Nor need we draw a close portrait
of her husband’s mind, if mind it could longer
be called. A horror of sleep, a horror of being
awake and aware, remorse, phantoms, voices, sudden
blazings of wrath as suddenly gone, sweating panics,
that craven care of life which springs so rank as
the soul decays, and a steady, cunning determination
to keep whole the emptied shell of reputation and
rank,-these were the things that filled
his hours by day, by night; these, and a frightful
expectance of one accusing, child-claiming ghost that
never came. The air softened to Indian summer;
the ice faded off the pool; a million leaves, crimson
and bronze, scarlet and gold, dropped tenderly upon
its silvering breadth and lay still; and both the
joyless master of the larger house and the merry maid
of the cottage asked Heaven impatiently if the pond
would never freeze over again.
It was Saturday afternoon when Giles,
asked by Sarah Stebbens where Mr. Arthur was, told
her he was again, as he had been so many times the
last three days, down by the water, sitting at the
edge of the overhanging bank; or, as the Englishman
expressed it, “’dreamink the ’appy
hours aw’y.’” So the week passed
out; a second came in, and the rector of All Angels
went to his sacred office.
He knew, before he appeared in the
chancel, that Mrs. Morris was in her accustomed place,
and Ruth and her father in theirs, and that Leonard
was not yet reported back nor looked for; but exactly
as he began to read, “’Dearly beloved
brethren, the Scripture moveth us, in sundry places,
to acknowledge and confess our manifold sins and wickedness,
and that we should not dissemble nor cloak them before
the face of Almighty God our heavenly Father’”-a
sickness filled Mrs. Morris’s frame, a deathly
hue overspread the minister’s face, and Leonard
came in and sat beside his father and sister.
Yet the service went on. The people knelt.
“’Almighty and most merciful
Father; We have erred, and strayed from thy ways like
lost sheep. We have followed too much the devices
and desires of our own hearts’”-
Thus far the rector’s voice
had led, but here it sank, and the old General’s,
in a measure, took its place.
Then it rose again, in the confession,
“There is no health in us,” and in the
supplication, “Have mercy upon us, miserable
offenders.”
There once more it failed, while the
people, faltering with distress, repeated, “That
we may hereafter lead a godly, righteous, and sober
life, To the glory of thy holy Name. Amen.”
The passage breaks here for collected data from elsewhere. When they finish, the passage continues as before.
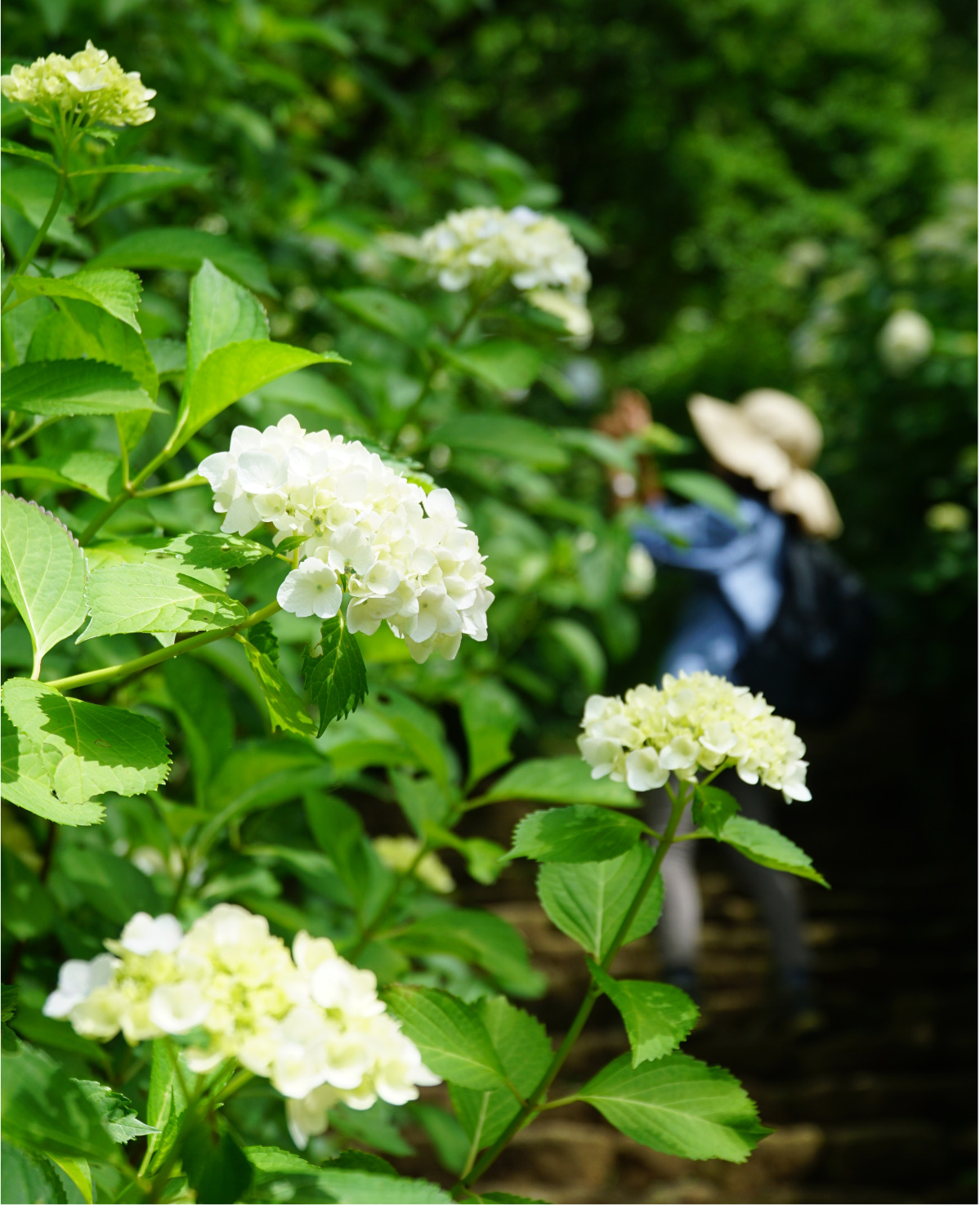 県立七沢森林公園北側のさくら園にある「森のあじさい階段」で、白いアジサイが咲き始めた。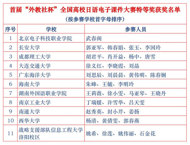 为推进多媒体网络技术辅助高校日语专业教学,教育部高等学校外国语言文学类专业教学指导委员会日语分委员会、中国日语教学研究会和上海外语教育出版社联合举办了首届“外教社杯”全国高校日语电子课件大赛,比赛于2021年3月正式启动,历经五个月的初赛、决赛阶段,最终有74组参赛选手进入决赛。我校外国语学院教师杨清、黄倩雯、郭春燕组成的团队突出重围,最终斩获本次大赛全国特等奖。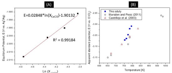 (A) −1.901 V apparent standard potential vs. the 5 mol% Ag+│Ag reference scale at 773 K. (B) Comparison of values from literature [7,14].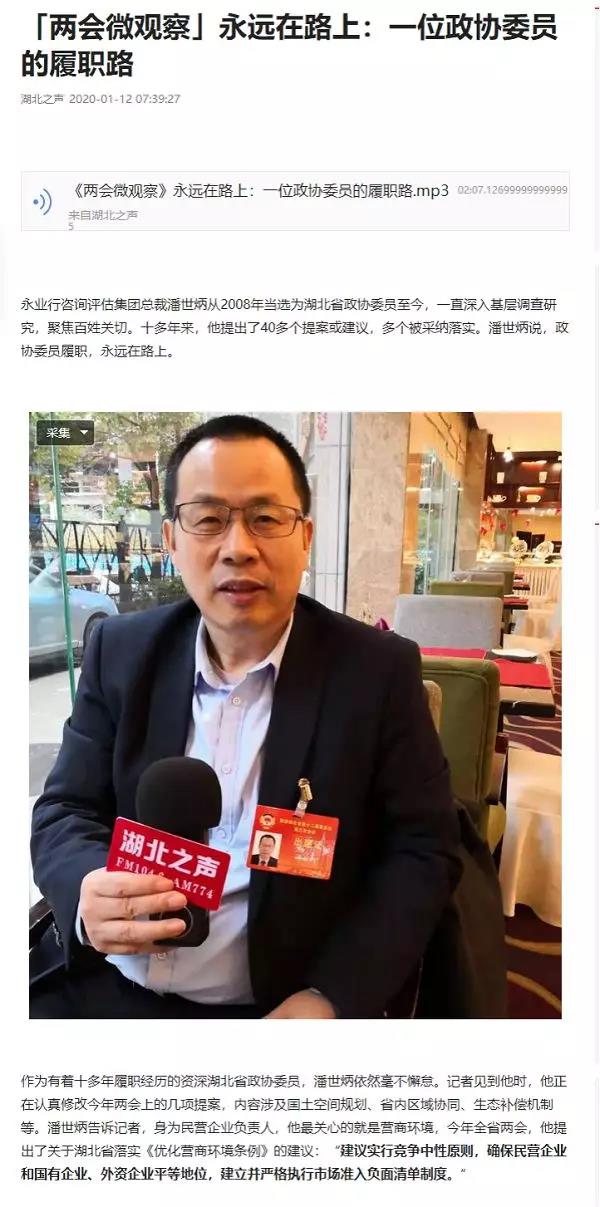 2020年1月11日至15日,政協湖北省十二屆三次會議在武漢召開。省政協委員、省房協會長、永業行董事長兼總裁潘世炳參加會議,并向大會提交了《關于推進湖北省實施生態補償的建議》《關于推進國土空間規劃的幾個建議》《關于湖北省落實<優化營商環境條例>的幾點建議》《深化區域協同 推動鄂黃黃臨空協同發展軸建設的幾點建議》等多份提案,人民網、《中國經營報》、《湖北日報》、湖北廣電、湖北之聲、長江云等多家媒體從多個角度對潘世炳委員的提案進行了深度挖掘和報道。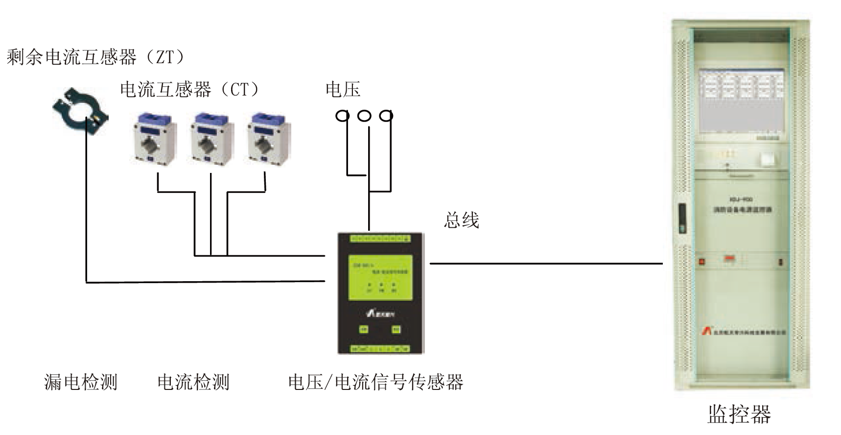 消防設備電源電壓/電流信號傳感器安裝于配電盤或配電柜內,監控器安裝于值班室。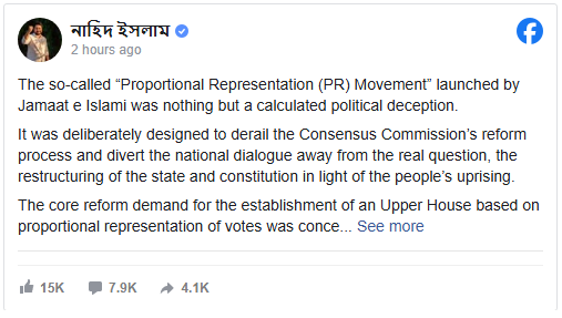 নাহিদ ইসলাম তার পোস্টে উল্লেখ করেন, “ভোটের আনুপাতিক প্রতিনিধিত্বের ভিত্তিতে উচ্চকক্ষ প্রতিষ্ঠার যে মৌলিক সংস্কারের দাবি উঠেছিল, তা ছিল সাংবিধানিক নিরাপত্তার একটি কাঠামো। আমরা সেই ভিত্তিতে একটি বৃহৎ জাতীয় ঐকমত্য গড়ে তুলে জুলাই সনদের আইনি কাঠামো প্রতিষ্ঠা করতে চেয়েছিলাম। কিন্তু জামায়াত ও তার মিত্ররা এই আন্দোলনের লক্ষ্য বিকৃত করে সেটিকে একটি প্রযুক্তিগত ‘পিআর ইস্যু’-তে সীমাবদ্ধ করে ফেলে। তারা এটিকে নিজেদের দলীয় স্বার্থে দর-কষাকষির হাতিয়ার হিসেবে ব্যবহার করেছে। তাদের উদ্দেশ্য কখনোই সংস্কার ছিল না, বরং কৌশলী অপব্যবহার।”

At this the farmer with the spectacled
daughter stepped nimbly over the rail and caught Arthur
as he rose and staggered. Leonard was hurrying
forward, and half the people kneeling, half standing,
when Mrs. Morris vacantly stopped his way with a face
so aghast and words so confused that he had to give
her over to Ruth. Then he hastened on to where
Arthur was being led into the vestry by his physician
and others.
But now he was turned back by the
doctor, requesting him to dismiss the congregation;
which he did, with the physician’s assurance
that the trouble was no more than vertigo, and that
Arthur was even now quite able to proceed home in
the farmer vestryman’s rockaway. The people
noticed that the physician went with him.
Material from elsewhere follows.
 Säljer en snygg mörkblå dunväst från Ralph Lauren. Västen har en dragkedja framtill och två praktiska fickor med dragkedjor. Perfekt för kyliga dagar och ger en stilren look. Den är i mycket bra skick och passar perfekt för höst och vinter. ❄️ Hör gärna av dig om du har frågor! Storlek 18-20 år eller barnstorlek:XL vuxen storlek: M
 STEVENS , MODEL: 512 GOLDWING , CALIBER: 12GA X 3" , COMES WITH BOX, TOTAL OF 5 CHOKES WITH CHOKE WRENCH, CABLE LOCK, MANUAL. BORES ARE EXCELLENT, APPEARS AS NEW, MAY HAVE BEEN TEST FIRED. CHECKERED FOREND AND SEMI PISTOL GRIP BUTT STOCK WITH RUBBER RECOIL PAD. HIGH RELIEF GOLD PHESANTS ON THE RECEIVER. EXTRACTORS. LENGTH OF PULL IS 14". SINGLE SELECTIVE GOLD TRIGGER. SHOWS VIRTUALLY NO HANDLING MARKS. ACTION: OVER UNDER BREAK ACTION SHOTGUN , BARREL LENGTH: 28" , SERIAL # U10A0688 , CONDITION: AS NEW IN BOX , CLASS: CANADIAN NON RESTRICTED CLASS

Mrs. Morris followed on foot with
the farmer’s daughter, and with Ruth and the
General, and Leonard went into town to telegraph Isabel,
in her mother’s name, to come home. As
he was starting, Mrs. Morris drew Ruth aside and whispered
something about Godfrey. To which Ruth softly
replied, with an affectionate twist in her smile, “It
couldn’t hurry him; he’s already on the
way.”
In the room next that in which her
son-in-law lay asleep under anodynes the little mother’s
odd laugh was turned all to moan. “Oh!-ho-ho!”
she sighed in solitude, “if Arthur could have
learned from Godfrey how to wait, or even if Isabel
could but have learned from Ruth how to keep one waiting!”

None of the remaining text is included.